Just another big-government, high cost intervention. They’ve become captives of the bureaucracy. It tends to happen when politicians forget what they’re supposed to stand for.
tbls – you always have an excuse for your conservatives. the fact is you command and control lot have ALWAYS wanted to run other peoples lives but believe you should be left to your own devices. No surprises.
Boadicea, didn’t know Codeine was such a big problem. Personally avoiding any Tablets/Medicine is favoured by me unless of course, we dod need it 100%. Cheers
Jumpin’Jehosaphat Jack, what a saga. Sounds like instead of going in for a grease and oil change, you had an engine rebuild, transmission rebuild, flushed out your radiator & aircon, and while they were at it, reupholstered your interior & put in a new wiring harness just for good measure! Whew, no wonder you were in hospital for a while longer than expected. Good result though, sounds like after the SOS lab returned the results they didn’t find any white metal from your big ends.
Seriously though, the best of luck with all that and glad to hear you’ll be around for a bit longer. The thought of dwelling on what to wear to your own funeral instead of getting a good nights sleep must have been a helluva burden to bear.
Go well mate, you earned it, a new lease as it were.
Thanks, mate.
NZ PM Jacinda Ardern has just had a Blessed Event, Mr Insider, a new Bubs and she has named Bubs “Neve Te Aroha Ardern Gayford”. Ms Ardern went on to say she had received “Missages of kindness and bist wishes and love and ginerosity, pretty spicial”. Bless our NZ Cousins!
I think Jacinda is an amazing woman Henry. New Zealand certainly hit the jackpot with her at the helm so when the birth announcement popped up on social media, I sent her a message….
“Congrats on the birth of your precious little girl Jacinda. I just wish you were our PM because, as you know, ours is an absolute dud.” 💚
Last I looked, it had 573 likes. Seems I’m not alone.
Like
574 😉
Beautifully written. The candour is terrific and you have a rare ability to be very funny without diminishing the seriousness of the subject. Whatever the future holds, never stop writing.
As for the pelvic floor muscles, I know a particularly effective Bulgarian yoga instructor. You’ll do as you’re told with her.
No, I’ll be good. Promise.
Very pleased to hear your treatment, however gross (sorry), has worked to rid you of cancer JTI.
I can’t imagine what you’ve been through but I’m wishing great progress for the road ahead.
I find it truly amazing what can be achieved by complex medical procedures, good doctors & the best after-care.
Stay strong, stuff the funeral plans & live your best life.

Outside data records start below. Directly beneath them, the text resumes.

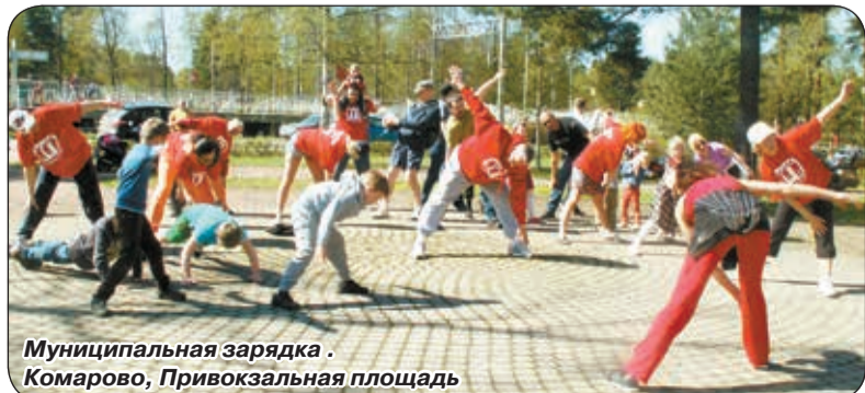
Муниципальная зарядка. Комарово, Привокзальная площадь
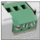
podłączenie 3-przewodowe (L, N, L 2 )

MOTION SENSOR BEWEGUNGSMELDER ДАТЧИКИ ДВИЖЕНИЯ POHYBOVÉ ČIDLO
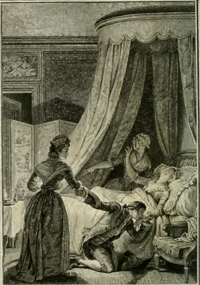
L'Inoculation de l'AMOUR.
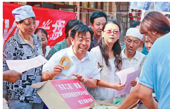
寧夏「共享工程」給賀蘭圖書館贈農村實用新技術光盤

結合寧夏區情，寧夏回族自治區黨委提出「小省區辦大文化」的目標要求。寧夏回族自治區政府主席王正偉指出：「歷史證明，真正能夠凝聚人心、鼓舞士氣的是文化。文化是文明的載體，文明具有超強的向心力。」
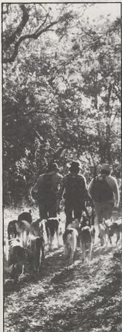
Los perros pieza fundamental en la caza

El consejero argumentó en apoyo a estas afirmaciones sobre la prohibición de caza de aves en período de reproducción, que es ésta una cuestión que preocupa al Gobierno Regional, tanto que en los últimos 6 años se ha declarado 12 refugios de aves acuáticas en distintos puntos de la geografía regional.
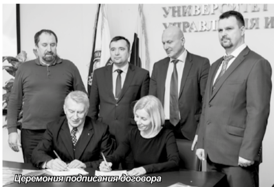
Церемония подписания договора
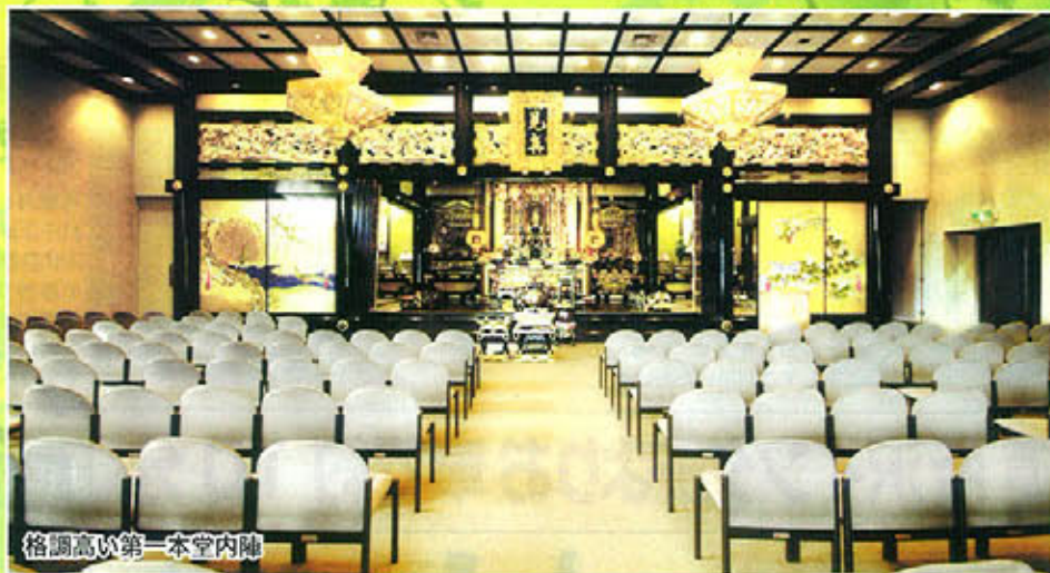
格調高い第一本堂内陣

格調高い本堂をはじめ、礼拝堂も併設する預骨室などの充実の設備は、伝統ある寺院ならではの。ご法要からご会食まで、安心してご供養いただける設備が整っております。
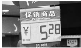
佳乐家福东店 蛋价: 5.28/斤
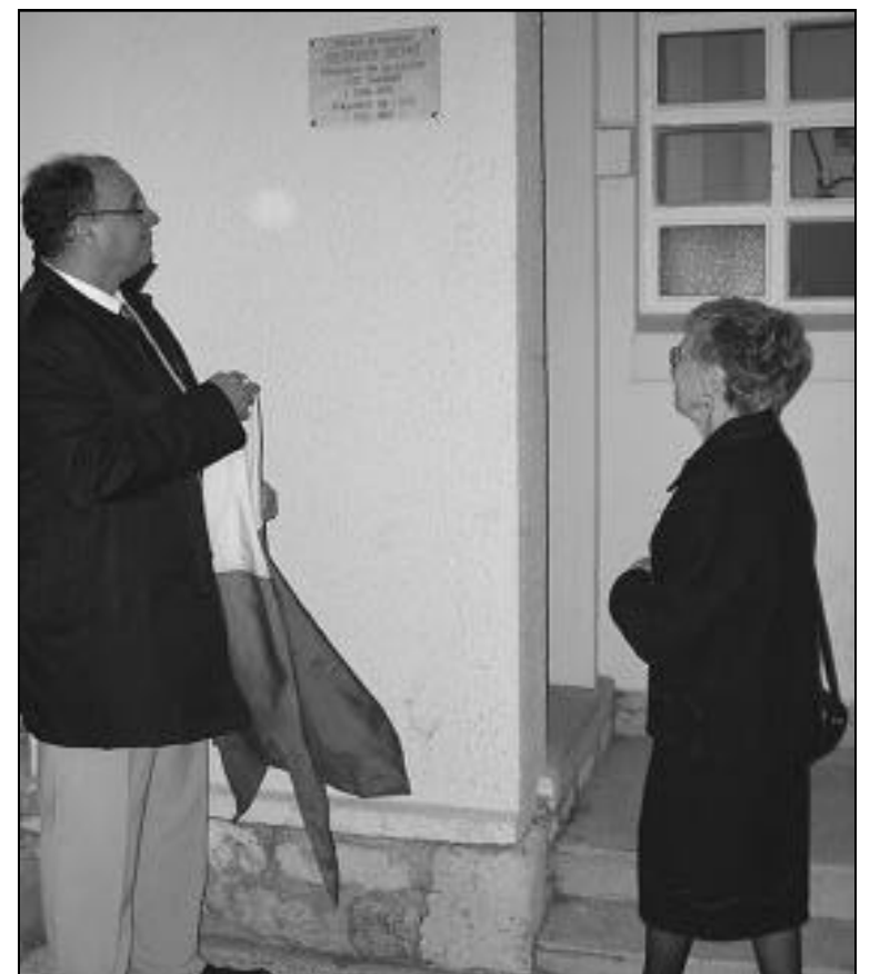
24 septembre, inauguration du stade municipal Georges Detré.
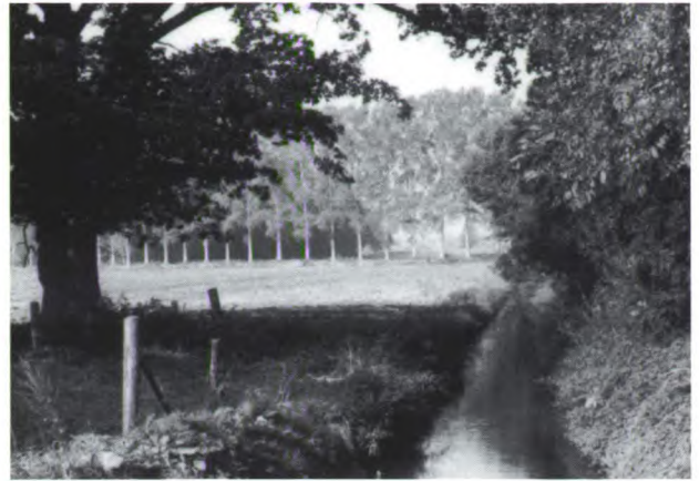
De Woolderbeek.

Dit is een treffende beschrijving van de zogenaamde Salami politiek. Men moet zich hierbij realiseren dat dit plan zich slechts richt op het jaar 2010. Als we in dit tempo doorgaan, staan we in de tweede helft van de volgende

Good luck with those deadlines as well. 😄
Thankls, Bella. Yes a couple seriously looming now.
Brilliant stuff, Jack. I recommend you take up lawn bowls or pigeon racing. btw do you still have to take keytruda?
No that finished before Christmas and it became obvious I would need surgery instead.
I’m very glad to hear that your range of plans has expanded, JTI, and may that, and everything else, keep expanding nicely for you!
Not disappointed! They stayed in it to the final siren. Cripps and Curnow outstanding. This may have saved Bolton’s job.
Bolton is and was safe. The Blues know they have to stick with him and his plan. The merry go round of coaches is a really broken idea.